A supply of Kato Katz templates is required. Our laboratory uses those made by Vestergaard Frandsen because they are made of plastic and can be washed and reused, but any brand will do. Place a template on to a microscope slide, fill the hole in the centre with the faecal matter, level it off, and carefully lift off the template leaving a measured amount of faecal matter (typically 41.7 mg) on the slide. Add a drop of water, mix well, and place a  mm cover slip on top. (Using a cover slip will give a thinner preparation but will take longer to examine.) Count the eggs under the microscope, paying particular attention to the edge of the cover slip. Multiply the number of eggs counted by 24 to calculate eggs per gram (EPG).

3. Results and Discussion

A formal side by side comparison between the Kato Katz and this method has not been done in the field, but a laboratory-generated comparison was done by mixing a fresh, unpreserved faecal sample containing Hookworm eggs and another containing Ascaris lumbricoides and Trichuris trichiura eggs with uninfected faeces to produce samples with a range of egg counts. Kato-Katz counts were done on each of these samples after which SAF was added and the counts repeated using the new method. The comparative results are in Table 1.

Because of the small number of samples it was not possible to compare the results obtained for the three species individually, but all three were easily identified in slides prepared by the new method and the visual clarity was excellent. Hookworm eggs had disappeared completely from slides prepared by the Kato Katz method when they were reexamined next day, but were still perfectly visible in slides prepared by the new method. If the slides prepared by the new method are sealed around the edges with a hard drying mounting medium or nail varnish they will last for months, thus providing a valuable source of training materials. This is in direct contrast to the Kato-Katz preparations which cannot be kept for more than a day or two before drying out and becoming useless.

Because this is an artificial laboratory-based experiment using a small number of “spiked” samples rather than a carefully conceived field-based trial using real participants it is difficult to draw any firm conclusions on the comparative results, but some important observations can be made. Like the Kato Katz, this method appears to be unreliable at detecting low-density infections below 100 EPG, but both methods detected similar numbers of positive samples. Very importantly, although there was a variation in egg counts between the methods, both of them correctly classified 29 out of 30 samples as representing “light intensity infections” using the World Health Organization classification [1].

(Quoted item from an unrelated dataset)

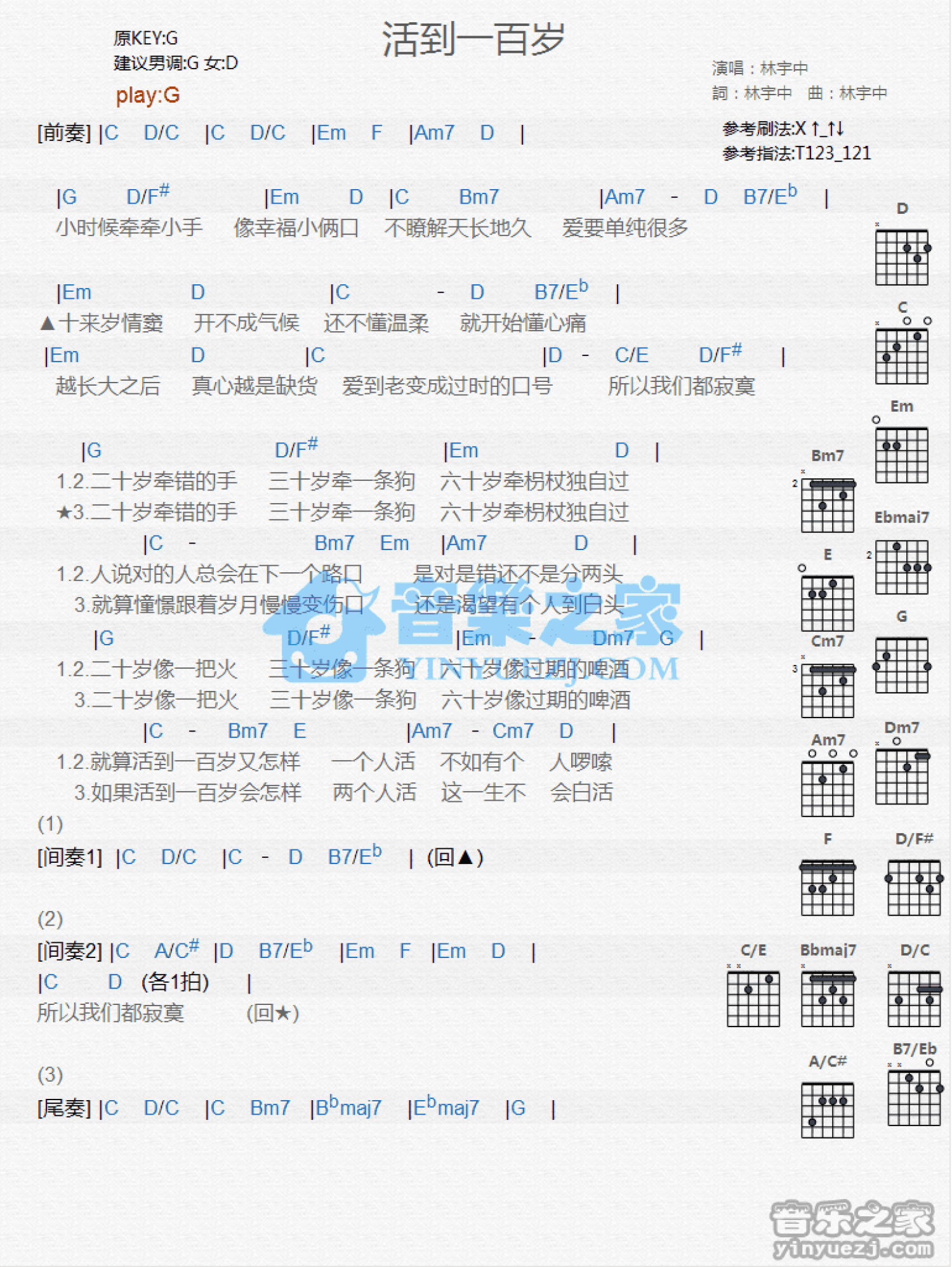 活到一百岁吉他谱 - 林宇中 - G调吉他弹唱谱 - 和弦谱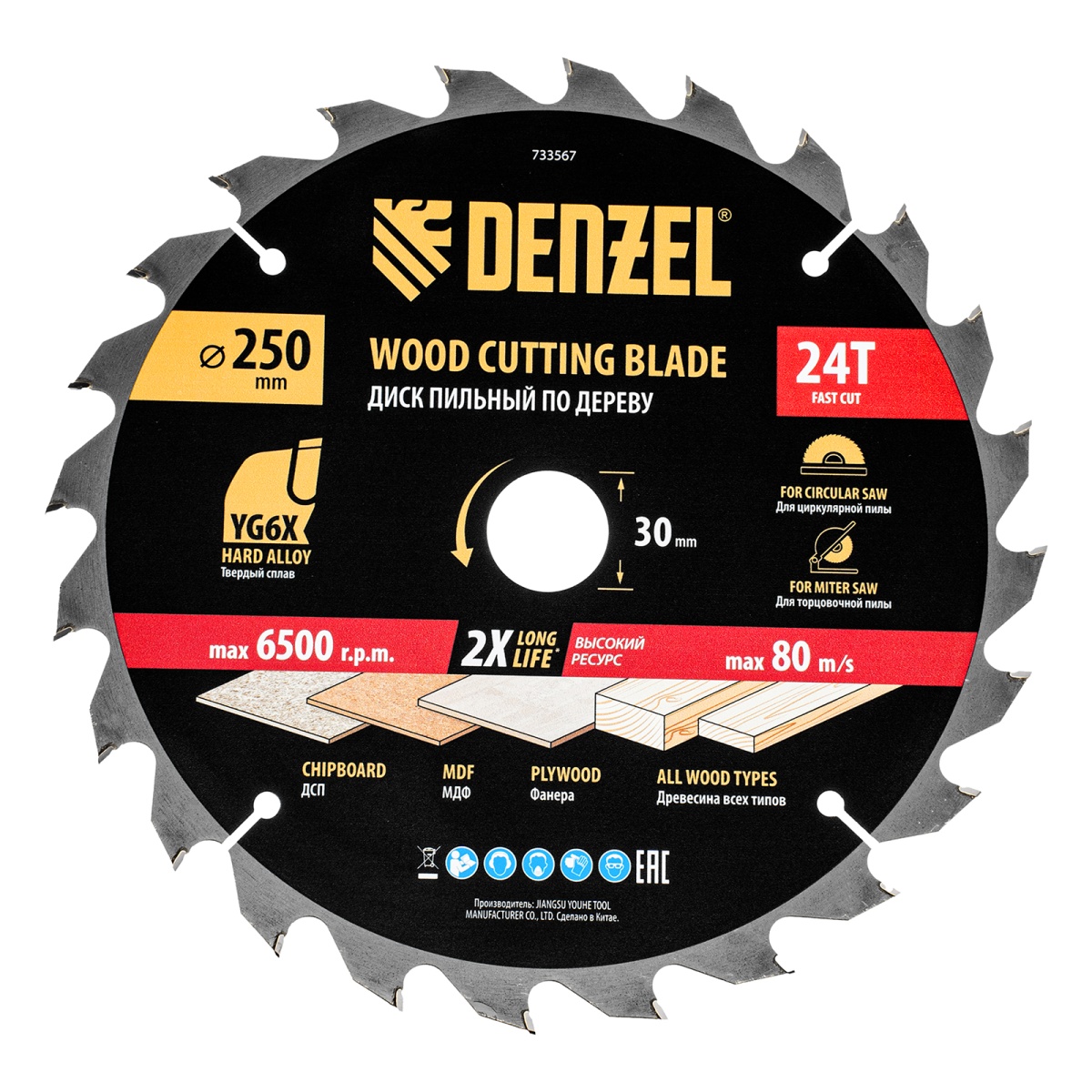 Купить Пильный диск по дереву ф250 х 30 мм, 24 зубьев Denzel V5490 по лучшей цене с доставкой - интернет магазин №1 в России

One of the criticisms that could be leveled at this method is that the centrifugation artificially changes the fluid content and therefore the consistency of the sample. The Kato Katz method makes no allowance for the fluid content or consistency of the faecal sample and this has been highlighted as a potential source of error [5, 6]. It can be argued therefore that packing down the faecal matter by centrifugation will reduce this error. It must also be remembered that both methods can best described as “semiquantitative” and that extreme accuracy is not required or expected.

4. Conclusions

This newly described method shows great promise as a way to conduct parasite surveys and monitor deworming programs in remote, difficult to reach, and logistically challenging locations where the use of the Kato Katz method is impossible, but some field-based comparisons need to be made.